# If could do it all over again...



## DonSchap (Jun 24, 2006)

Imagine you had $6500 to spend on equipment. Okay then...

Which 'digital' brand would get the nod and which lenses would you go for, right off the bat? (Remember, no exceeding the budget. Use B&H for reference pricing)  

Ready... go! :lmao:


----------



## markc (Jun 24, 2006)

Canon 5D - $2600
35mm/f2.0 - $200
50mm/f1.4 - $300
85mm/1.2 II - $2100 <- would be on my camera 95% of the time
135mm/f2.0 - $900
The rest on vertical grip, flash cards, batteries, etc.

I'd go with Canon again, because that's what I know, and I know I like them. I picked Canon over Nikon only by chance. I knew either would have made me happy, I just got a better deal on the used Elan I was looking at than the 6006.


----------



## danalec99 (Jun 24, 2006)

Canon

5D - 2,579.95
35mm f1.4 - 1,099.95
50mm f1.4 - 289.95
85mm f1.2 II - 2,099.00
Rest for the cards, vertical grip, batteries etc.

Like Mark said, I picked C over N by chance. My cousin who was using a 10D then, pointed me to Canon. Content with the choice thus far.


----------



## Alison (Jun 25, 2006)

Now this is the benefit of living in the same house as another TPF member :mrgreen:  I currently shoot with a Canon 10D. I like the camera, but having also shot Nikon I have to say if I had the money I would convert. 

Alison
Nikon 
D2X  $ 3,799.95
50mm 1.4  $ 279.95
70-200 VR 2.8 $ 1,599.95
SB800 Speedlite w/Quantum Turbo battery & Charger $714.95
Rest would be on CF cards and batteries, etc

Hobbes28:
Nikon
D2X  $ 3,799.95
50mm 1.8  $ 119.95
14mm 2.8 $ 1,229.95
24-85 2.8  $ 469.95
Nikon wireless R1C1 flash  $ 659.95
Remaining on CF cards, batteries, etc

That was fun....now who is going to give us $13,000 to go and buy all that? :mrgreen:


----------



## Tiberius (Jun 25, 2006)

I used Amazon for Reference Pricing - Too lazy to go back and compare against B&H.

Nikon:

Nikon D200: $1700
12-24 f/4G: $950
28-70 f/2.8: $1400
70-200 f/2.8 AF-S VR: $1600
SB-800 Speedlight: $330

That leaves about $500 to spend on cases/tripods/memory.


----------



## DonSchap (Jul 6, 2006)

I considered what would be a "perfect bag" for the beginning pro or serious hobbyist (non-pro)... who wasn't concerned with having all "L"-glass in his sack, but just wanted to cover the spread from Ultra-wide to high telephoto for a Canon APS-C digital body (350D/20D/30D) with quality semi-pro glass & w/ thin, trouble-free filters (reducing chance vignetting while zooming).

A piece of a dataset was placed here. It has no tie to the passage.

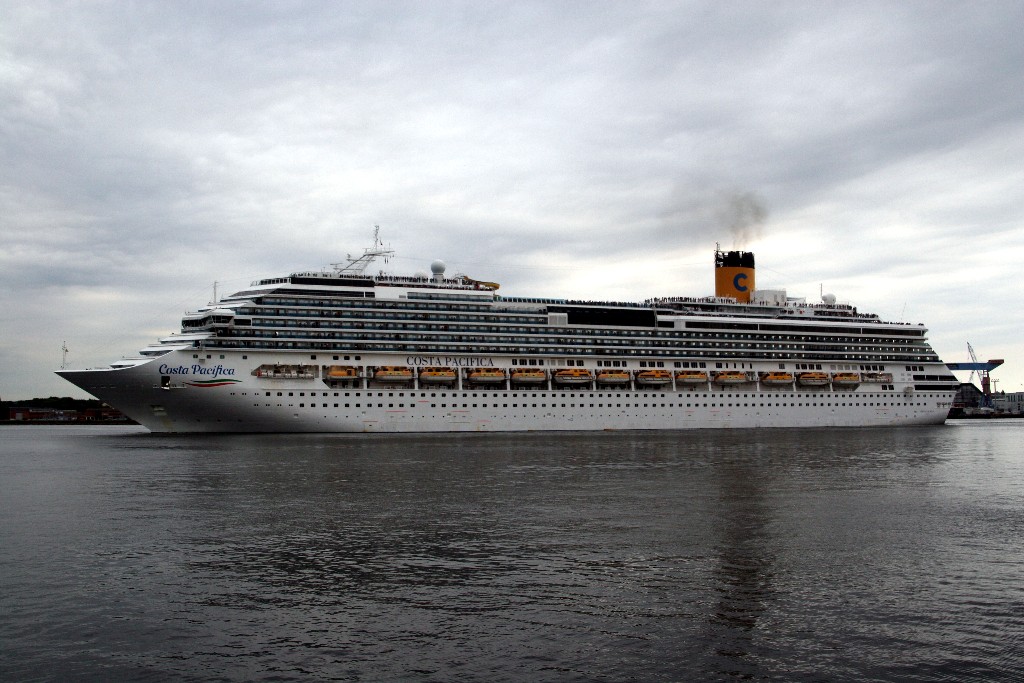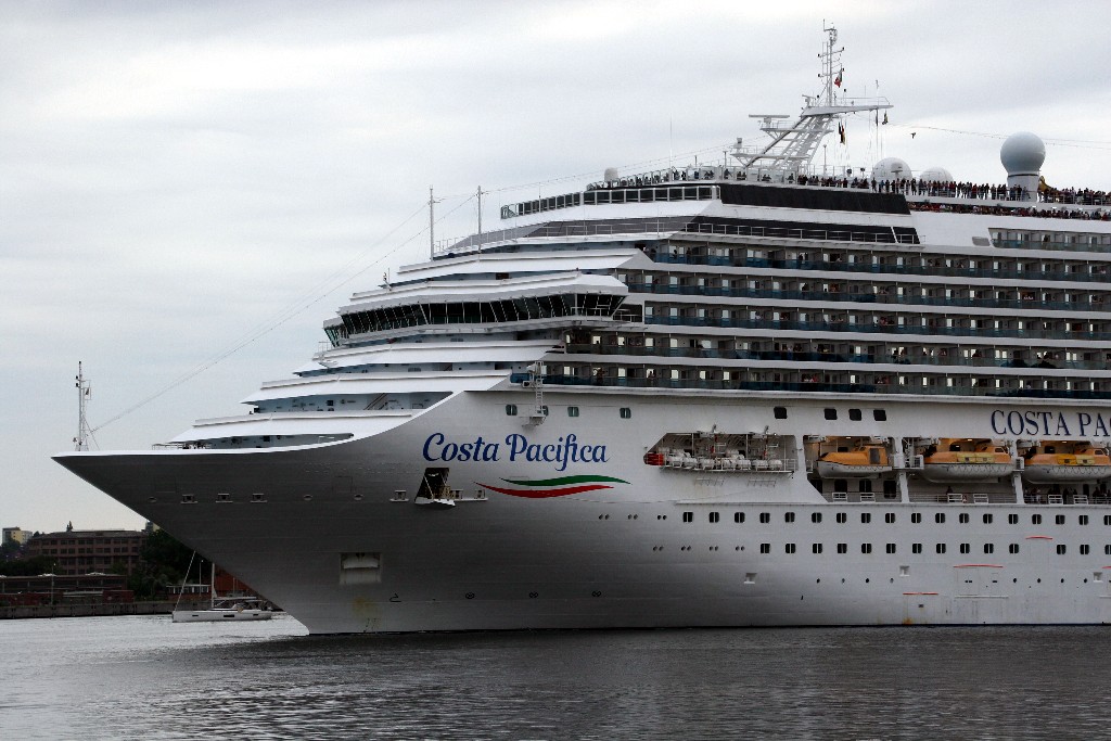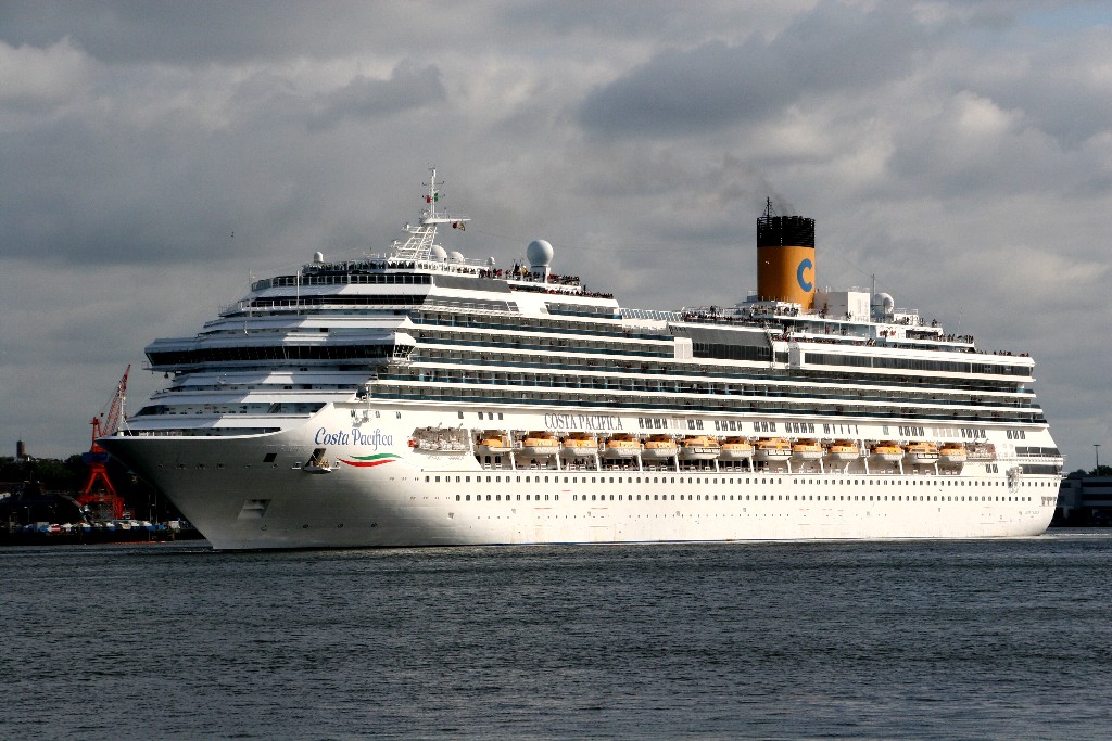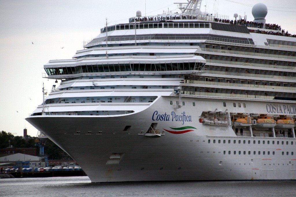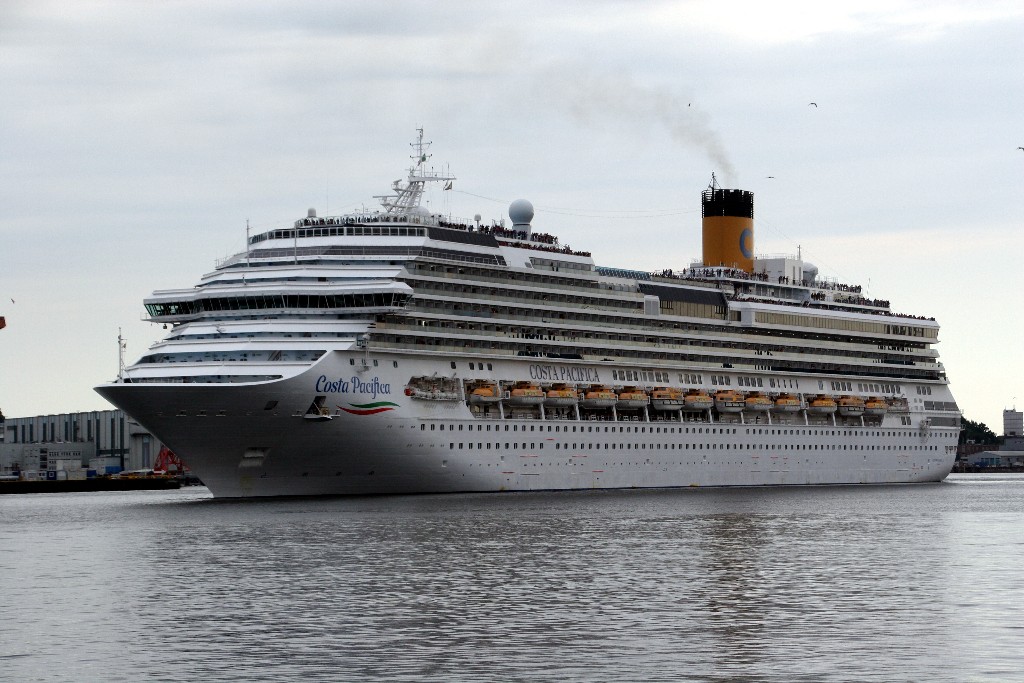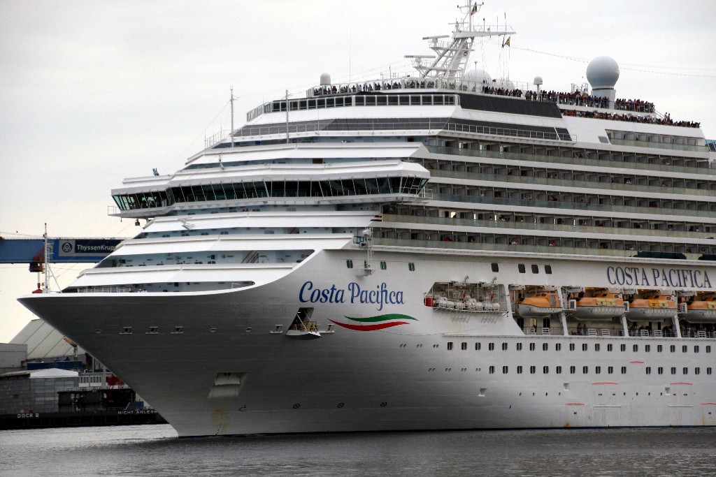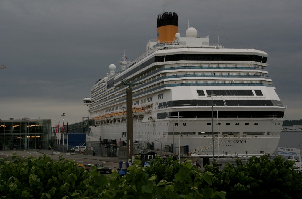 Die "Costa Pacifica" fährt ihr Auslaufmanöver in Höhe der "Artania" am Ostseekai (Liegeplatz 28)

I did the homework and came up with this little list. The "Alternate" lenses are simply listed as budgetary variations to maintain minimum quality levels. 

*Item* _Specific Item_ (Price) rebate B&H part #

*Lens 1 (UW) *_Tokina AF 12-24mm f/4 AT-X 124AF Pro DX_ ($499.00) TO122440CAF
*Lens 1 - Alternate* _Canon EF-S 10-22mm f/3.5-4.5 USM_ ($689.95) CA102235EF
*Lens 2 (Portrait Prime)* _Canon EF 50mm f/1.4 USM _($314.00) $25.00CA5014EF
*Lens 2 - Alternate* _Canon EF 85mm f/1.8 USM _($339.95) $25.00CA8518EF
*Lens 3 (Standard)* _Tamron SP AF 28-75mm f/2.8 XR Di LD Aspherical (IF)_ ($379.00) $30.00 TA287528CAF
*Lens 3 - Alternate* _Tamron SP AF17-50mm f/2.8 XR Di II LD Aspherical (IF)_ ($449.00) TA175028CAF
*Lens 4 (Telephoto)* _Canon EF 70-200mm f/2.8L IS USM_ ($1,699.00) $50.00 CA7020028LIS
*Lens 4 - Alternate A* _Sigma 70-200mm f/2.8L EX DG APO Macro HSM_ ($889.00) SI7020028DMC
*Lens 4 - Alternate B* _Tamron SP AF70-210mm f/2.8 XR Di LD Asperical (IF)_ (~$900.00) TA7020028CAF (Currently not yet announced)
*Lens 5 (Super telephoto)* _Tamron SP AF 200-500mm f/5-6.3 Di LD IF_ ($879.00) $30.00 TA20050056C
*Lens 5 - Alternate* _Canon EF 100-400mm f/4.5-5.6L IS USM_ ($1,399.95) $50.00 CA10040045LE
*Lens 5 - Alternate B* _Sigma 80-400mm f/4.5-5.6 EX DG APO OS _ ($999.95) SI8040045DGC

*Fltr for lens 1, 4 &5 Alt.* _Hoya 77mm CP/UV Haze (HMC)_ ($172.50) HOUVCPU77
*Fltr for lens 2* _Hoya 58mm CP/UV Haze (HMC)_ ($77.95) HOUVCPU58
*Fltr for lens 3* _Hoya 67mm CP/UV Haze (HMC)_ ($95.95) HOUVCPU67
*Fltr for lens 5* _B+W 86mm Kaesemann CP_ ($214.95) BWKCP86

*T/C* _Tamron 1.4x SP AF Pro Teleconverter for Canon EOS_ ($179.95) TA14XPCAF

*Bag* _Lowepro Nature Trekker AW II Camera Backpack_ ($189.95) LONTAW2B

*Flash 1* _Canon 580EX Speedlite E-TTL II_ ($379.95) $20.00 CA580EX
*Flash 2* _Canon 430EX Speedlite E-TTL II_ ($239.95) $15.00 CA430EX

*Tripod* _Bogen / Manfrotto 3011BN Tripod Legs (Black)_ ($109.95) BO3011BN
*Ballhead* [FONT=Verdana, Arial, Helvetica, sans-serif]_Bogen / Manfrotto 484RC2 Mini Ballhead with Rapid Connect 2 (Quick Release)_ ($54.95) BO484RC2[/FONT]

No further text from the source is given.